Mt. Zirkel Wilderness, Colorado // A basic part of living life as a sane person is the assumption that we can comprehend the world around us with a certain degree of competence. To that, I'd like to submit a quote from the famed Nobel Prize-winning physicist Werner Heisenberg: "Not only is the universe stranger than we think, it is stranger than we can think.” Objective reality is unimaginable. Our brain exists to keep a bunch of bipedal apes alive in Africa's rift valley a million years ago. To think that we can even have a rudimentary grasp of the concept of a Universe is amazing, but to think that we would be able to understand it as a whole is inconceivable. Even our wildest fantasies are by definition 'imaginable,' they must exist in our brain. The objective universe has no such constraint. Anyone who has seen the stars on a dark night, or the sunrise over a vast horizon, can attest to this feeling. There is a cognitive friction of finding yourself in an infinitely complex universe but being unable to wrap your mind around it. The more we learn through science, the more we learn about our own intellectual limitations. Today, Chaos Theory is credible science, and ecologists like George Sugihara have made headlines by throwing out equations altogether. They argue that there are simply too many variables for any equation to model ecological systems accurately. Too much complexity. But science has also taught us about our brains' stunning creativity. Yes, by studying electromagnetic radiation, we've learned about the limitations of our vision, that even color is simply a construct of the mind. Conversely, we've learned that we live in a painting constantly being made for us by our brains. And the more we learn about our own physiological limitations, the more we learn that we truly are animals, not philosophical spirits lost in a material world, but components of the earth's biosphere. We learn that we belong. (The photo here is where this lesson crystalized in the snow around me: sunrise over Mt. Zirkel, seen from the saddle below Big Agnes, September 2015.)

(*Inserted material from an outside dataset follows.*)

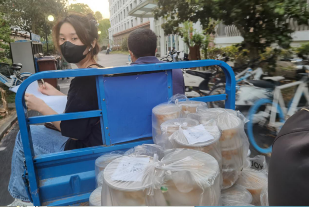 作為程園的一份子,勇于擔當,召之能戰。面對緊急情況,劉老師化身“大白”,整夜堅守在學生宿舍樓道里,守護著學生的安康,用實際行動共同保衛著程園;同學們足不出樓期間,化身“派送員”,坐上三輪車,逐樓逐棟為同學們送去餐食,笑著說一聲:“同學,你的“外賣”到嘍!”同學們連聲道謝;社會各界的抗疫捐助與學校的慰問禮包分發工作中,劉老師化身“分揀員”,協調現場各樓層長領取分發給同學們的物資。讓同學們真切地感受到來自社會各界及學校的關心關愛,也讓他們更加懂得理解與感恩,共同為守護程園,打贏這場疫情防控阻擊戰而努力。
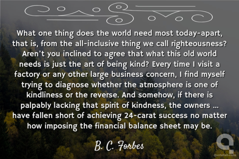 What one thing does the world need most today-apart, that is, from the all-inclusive thing we call righteousness? Aren't you inclined to agree that what this old world needs is just the art of being kind? Every time I visit a factory or any other large business concern, I find myself trying to diagnose whether the atmosphere is one of kindliness or the reverse. And somehow, if there is palpably lacking that spirit of kindness, the owners ... have fallen short of achieving 24-carat success no matter how imposing the financial balance sheet may be.

Red Peak, Eagles Nest Wilderness, Colorado // Mountains always have a different character when you get up close. What you lose in towering massive silence you gain in an explosion of detail and variety: jagged peaks revealing themselves as precarious piles of rock, being held up by the magic inevitability of the angle of repose. From a distance it almost seems impossible. How could something so massive, so solid be so complex, so chaotic? How can such obvious order be so illusory? I suppose it's just like human nature to miss the rocks for the mountains.
Willow Lakes, Eagles Nest Wilderness, Colorado // When you're at the far end of a hike, looking back on the sum of your day's sweat and strain, there are two possible reactions: 'Damn, I've come far!' and 'Damn, I've only come this far?' Then, of course, your disappointment and pride disappear when you remember where you are.
Lake Elbert, Mount Zirkel Wilderness, CO Sometimes you can live in the shadow of a mountain so long that you forget about the clear sky beyond it. After a long day of packing, my companions began to relax and make camp near the lake but, with the sun getting low I figured it wasn't quite time for me to rest. Making my way up a nearby hill, I realized that the whole valley was in its shadow, leaving an imprint of its ridgeline on the opposite slope. I was even more glad when I got to the top of the hill, and got to witness a transcendentally stunning sunset which was entirely invisible to my friends down by the lake.